Jalali Pandas Extentsion A pandas extension that solves all problems of Jalai/Iraninan/Shamsi dates Features Series Extenstion Convert string to Jalal

51 Jan 02, 2023
GitHubPoster - Make everything a GitHub svg poster

GitHubPoster Make everything a GitHub svg poster 支持 Strava 开心词场 扇贝 Nintendo Switch GPX 多邻国 Issue

yihong 1.3k Jan 02, 2023
Python package that generates hardware pinout diagrams as SVG images

PinOut A Python package that generates hardware pinout diagrams as SVG images.
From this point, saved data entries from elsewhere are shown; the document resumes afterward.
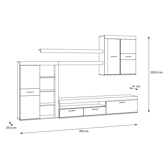 Dzięki dużej ilości miejsca do przechowywania i ustawiania, ta meblościanka zapewnia praktyczność i styl, a także idealnie zestawioną kolorystykę i stylowy wygląd. Podświetlone szklane półki nadają temu zestawowi nowoczesny akcent. Meblościanka składa się z dwóch witryn, szafki RTV i półki ściennej.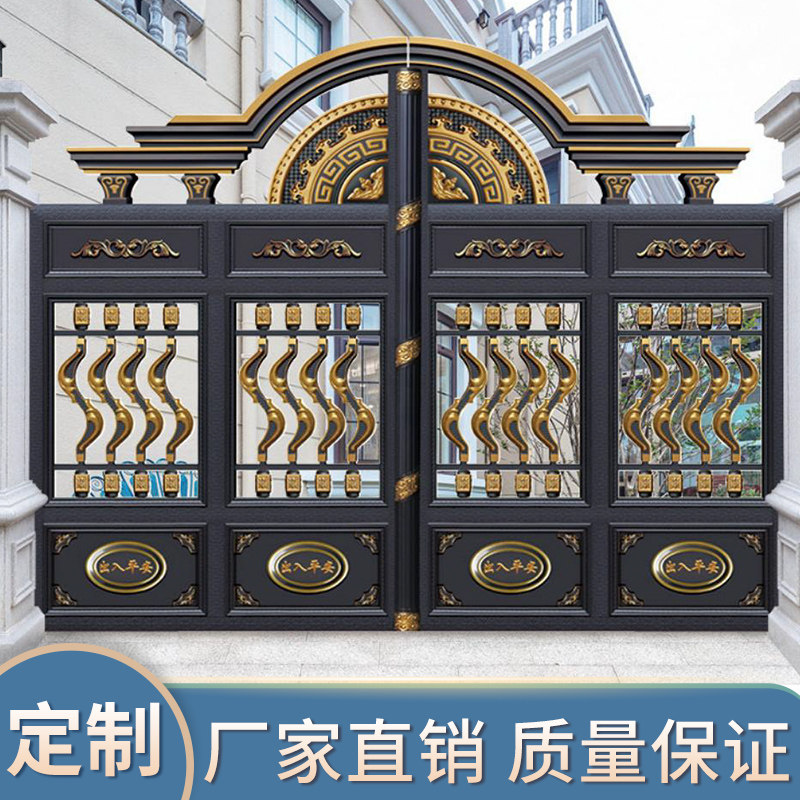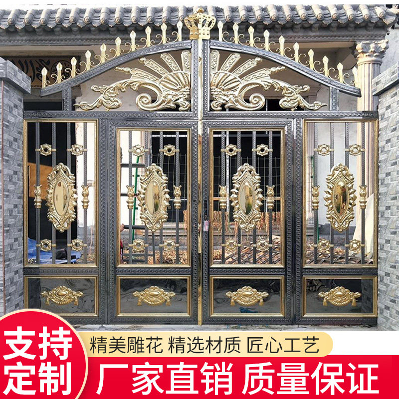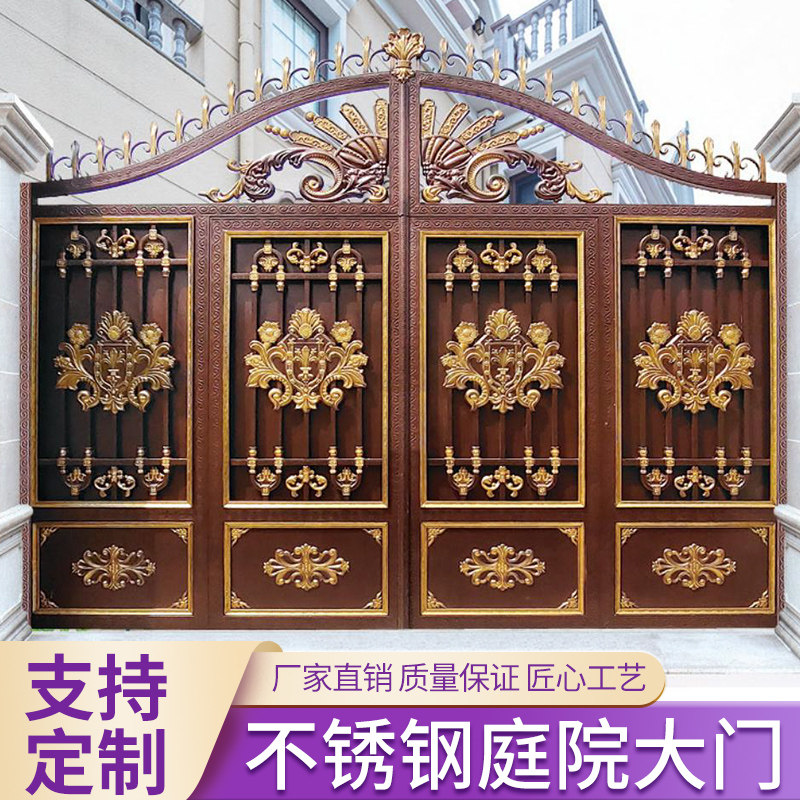 Rural self-built house entrance door luxury stainless steel paint craft Villa double door courtyard translation open door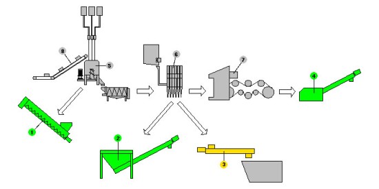 1 - separátor DRYJECT?, 2 - oddělovač písku GRITSEP?, 3 - bezhřídelový spirální dopravník, 4 - lis WASTEMASTER?, 5 - rozvlákňovač, 6 - čističe, 7 - papírenský stroj, 8 - pásový dopravník --- Dodáváme pouze výrobky označené barevně --- (žlutě, červeně, modře, zeleně, atd.)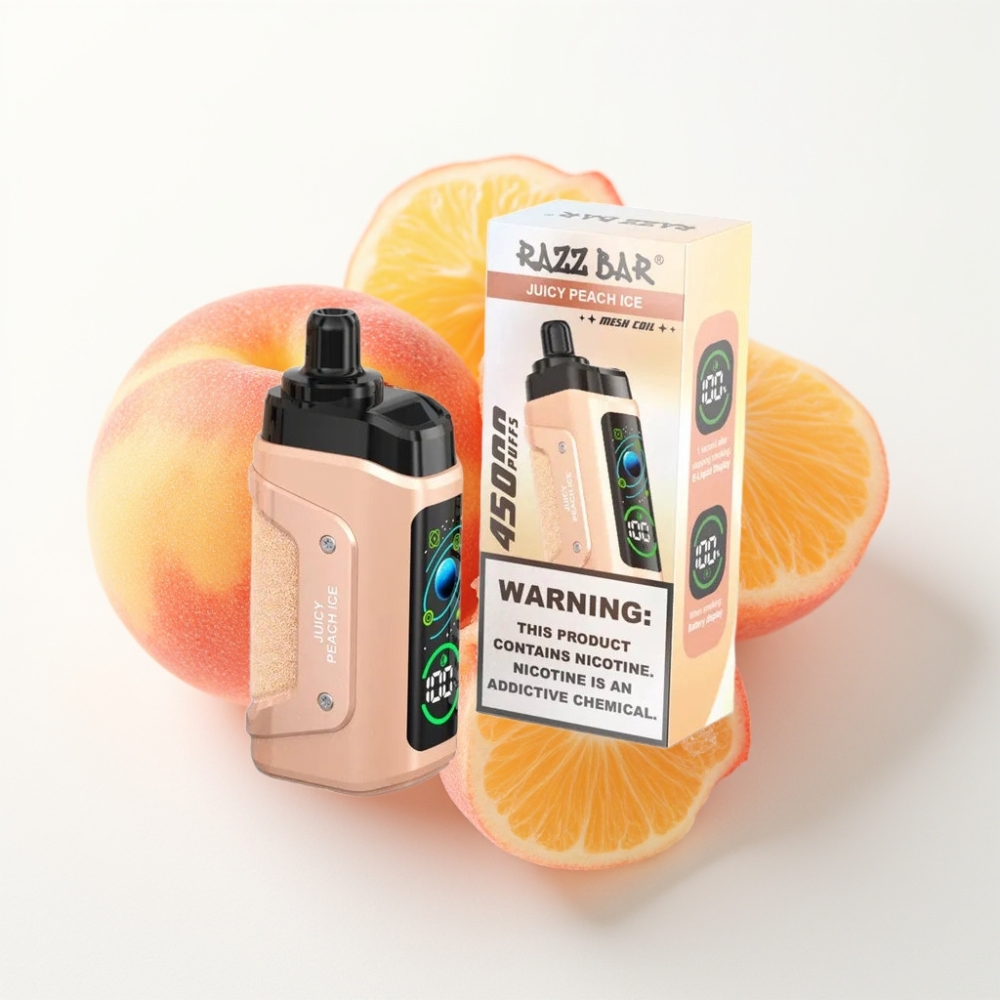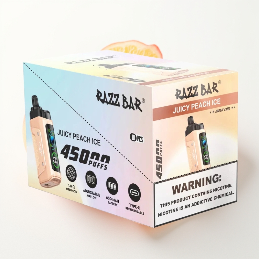Razz Bar 45000 Puffs Disposable Vape Sultingu Persikas su Ledu, 1.0 Ohm Mesh Coil, Type-C

The package is designed to be quite flexible and works well for general

336 Dec 20, 2022
A central task in drug discovery is searching, screening, and organizing large chemical databases

A central task in drug discovery is searching, screening, and organizing large chemical databases. Here, we implement clustering on molecular similarity. We support multiple methods to provide a inte

NVIDIA Corporation 124 Jan 07, 2023
哔咔漫画window客户端,界面使用PySide2,已实现分类、搜索、收藏夹、下载、在线观看、waifu2x等功能。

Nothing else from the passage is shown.